By reducing the game down to its most basic design, the developers have been able to create an experience that is all about the gameplay. The ninja has a distinct feel that is often propelled by his momentum. He has a floaty jump that can be controlled in the air for pixel perfect landings. And the wall jump is not only good for reaching out-of-the-way platforms, but breaking what could be a life-ending fall.

However, until you've mastered the control, the game can feel downright sadistic. Hell, even after you've become one with the ninja, the levels can be real mean. This is especially true if you're the type of person who likes to grab all the gold bars before exiting the stage. The designs are cruel and meant to be played over and over until you finally get it.
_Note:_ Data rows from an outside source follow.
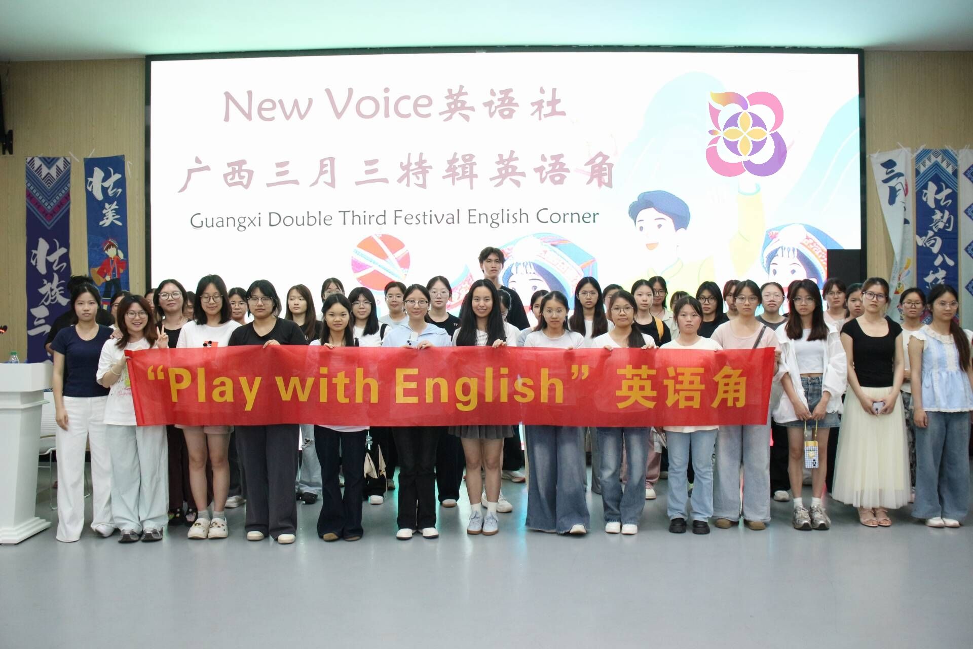 New Voice英语社于4月10日在武鸣校区兰园食堂三楼大创场地举办广西“三月三”主题英语角活动。 ai去衣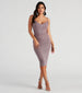 Bring the sparkle and shine to your dressy look with this gorgeous glitter knit midi dress! It features a sleeveless cowl neckline. spaghetti straps. a low scoop back with a rhinestone embellished bar strap. a high waist seam. a midi-length silhouette. and a curve-hugging fit. The glitter knit fabric offers a moderate stretch. Style with glitzy rhinestone earrings.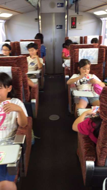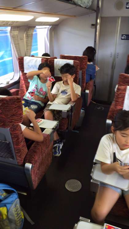 帰りの電車の中の様子です。子どもたちは,トランプなどに興じています。たくさんの思い出を残して,京都に向かっています。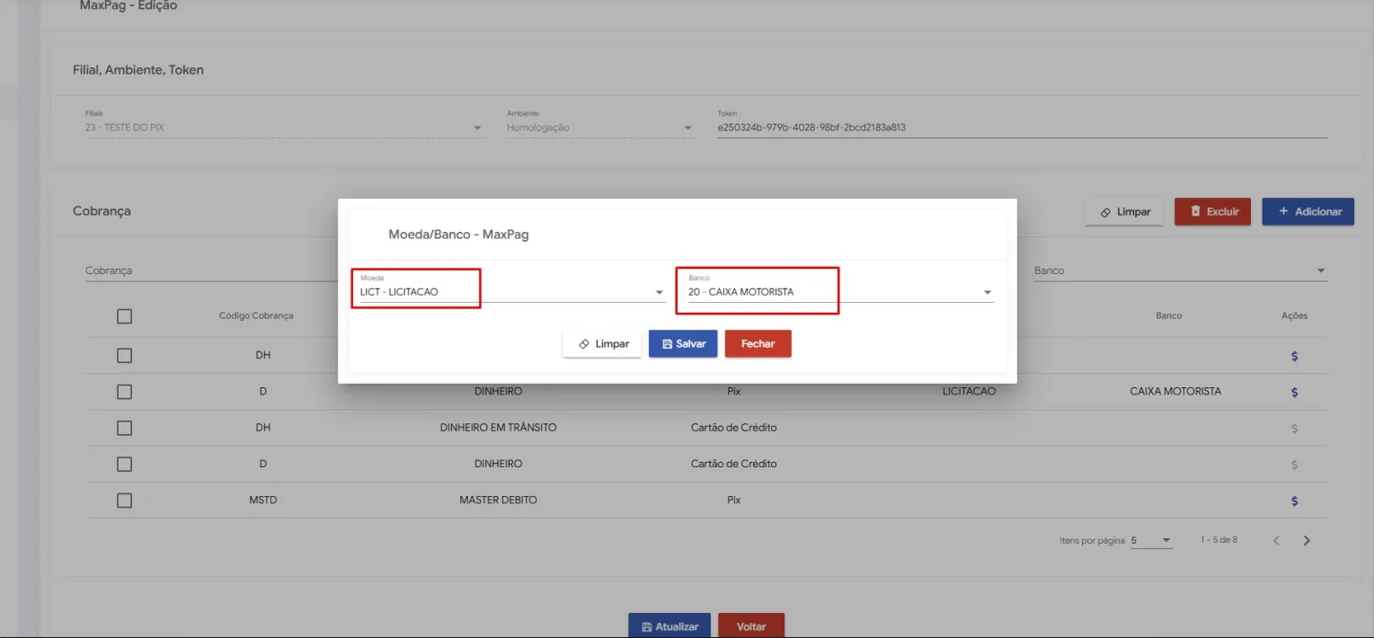 2. Com o parâmetro ativo, serão exibidas as opções de Banco e Moeda. Essas informações são provenientes do Winthor e devem estar cadastradas corretamente no ERP.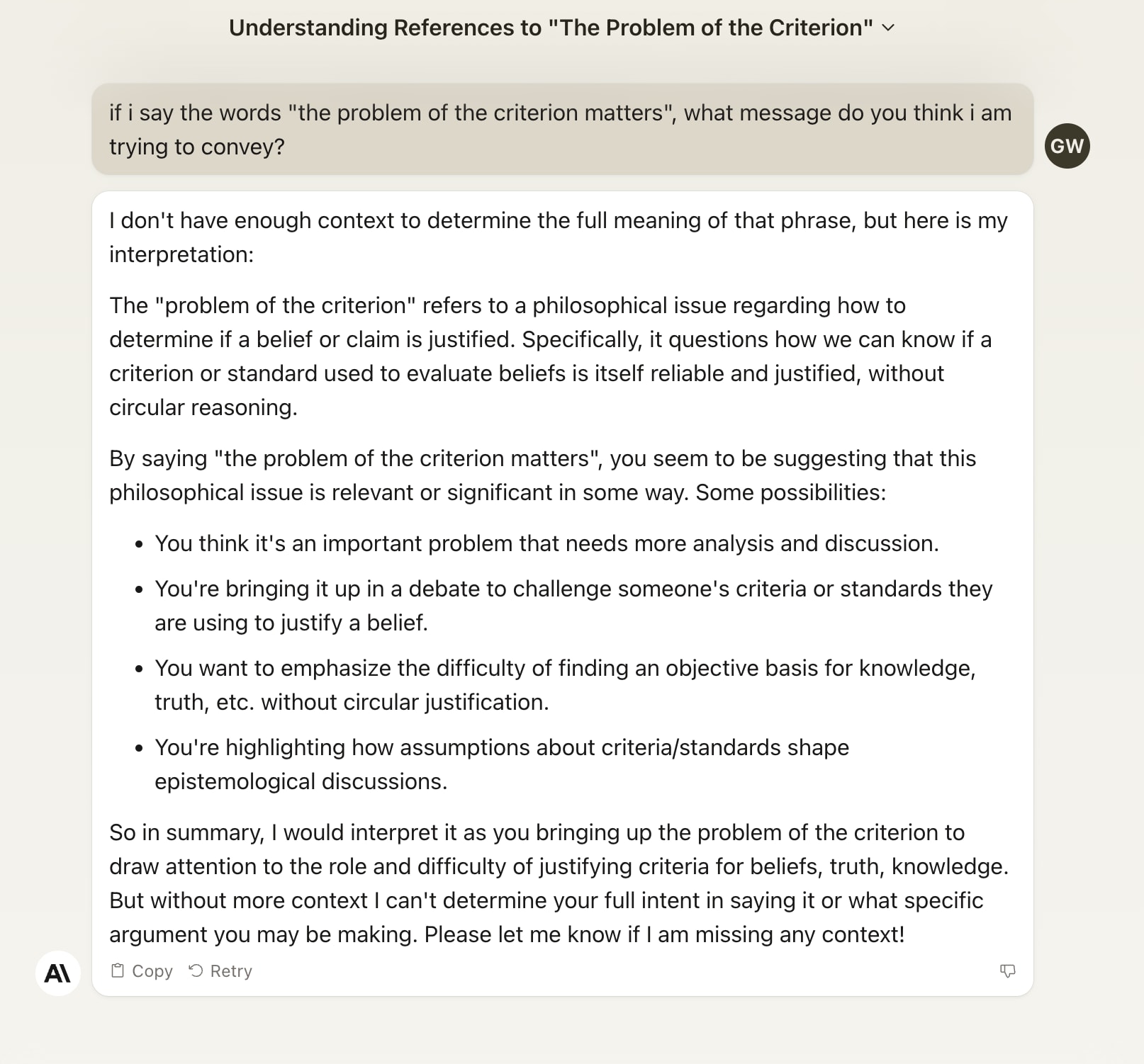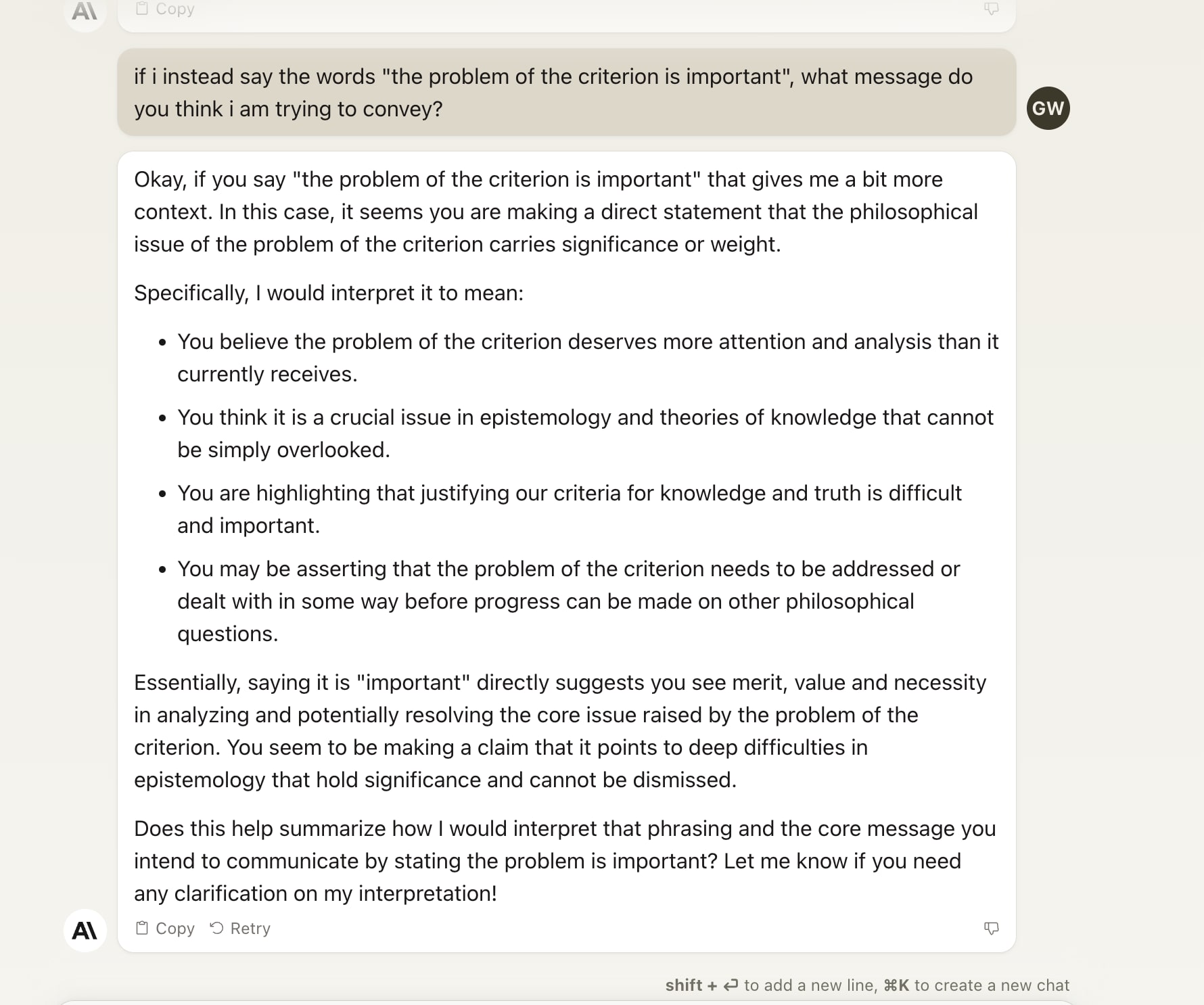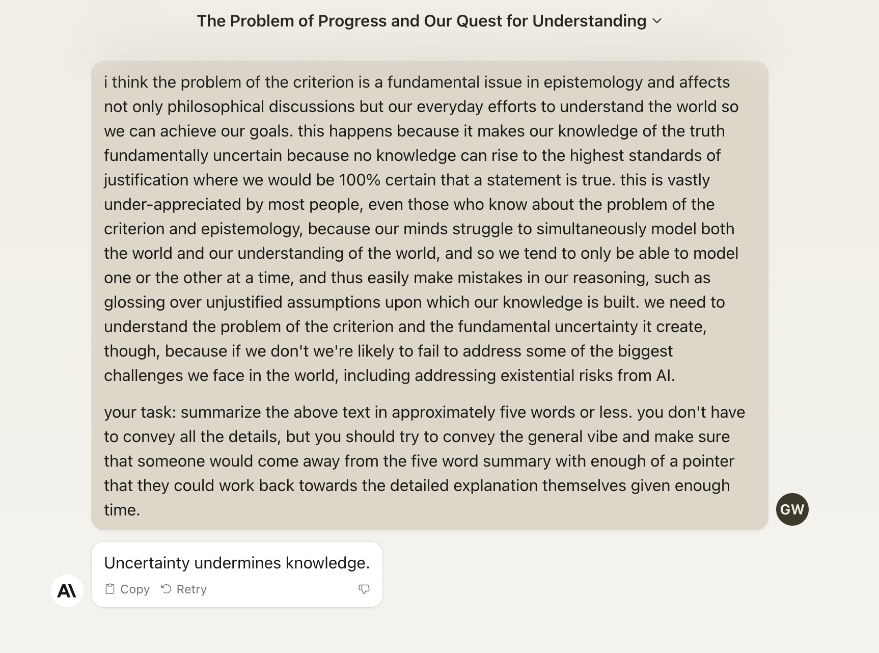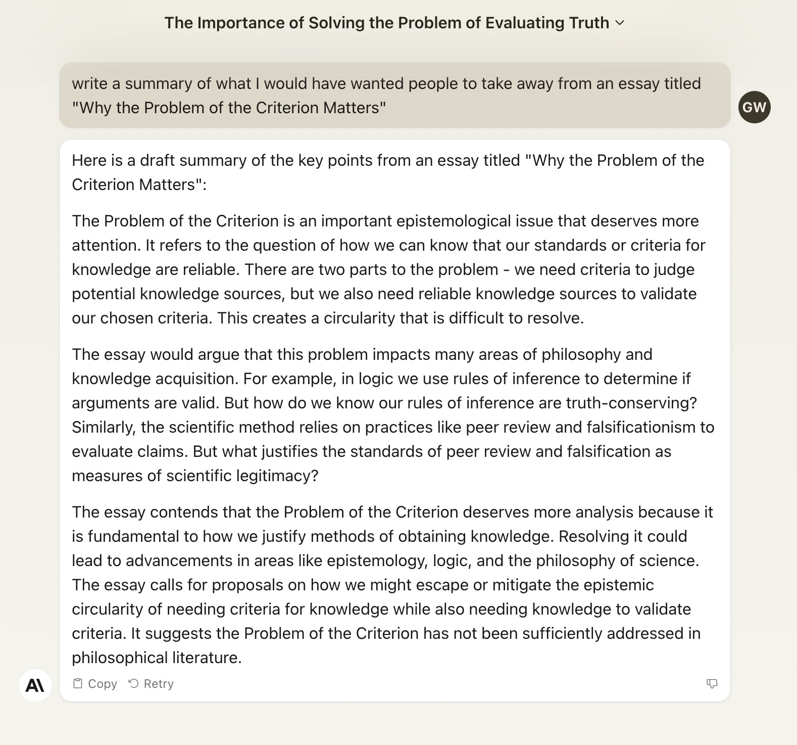 It hallucinates some wrong details and leaves out lots of details that are actually in the post, but it's not totally off the mark here. If my ~Five Words were "the problem of the criterion matters", this would be a reasonable extrapolation of why I would say that.

And let me tell you, there's no feeling more satisfying than overcoming an obstacle that once looked impossible.

N++ is split up into three unique sections, each with their own board of platforming puzzles to solve. It starts with the Intro episodes, where the game spends more than 100 stages easing you into the mechanics and obstacles. When you're done with that (or simply want to move on to the main course), the N++ episodes will put your training into action. And just for good measure, the game adds the Legacy episodes, which are pulled from the two previous installments. I guess what I'm saying is that this PlayStation 4 game has a lot of content.

N++ (PlayStation 4)Click For the Full Picture Archive

Actually, there are way more levels than the single-player campaign lets on. Thanks to the custom level editor, N++ offers what could be an endless barrage of stages to download. While easy to use, designing my own stages reinforced that I'm better at playing games than creating them. But for those creative types, there are enough tools here to make any type of platforming puzzle

Much like earlier installments, N++ offers both multiplayer co-op and race modes. As chaotic as this sounds, it's a great way to show off who has the best ninja skills. And even if you're a solo player, the game does a great job of implementing leaderboards for every stage grouping. I'm not sure if this will ever have a big competitive scene, but I appreciate the effort.

With tight handling and an overwhelming selection of stages, N++ is a near perfect 2D platformer. It trades flashy graphics for precise gameplay that rewards patience and practice. Sure, it can be punishing at times, but it's also deeply rewarding and one of the most satisfying experiences you'll have all year. I can't even imagine what N+++ could do to top this.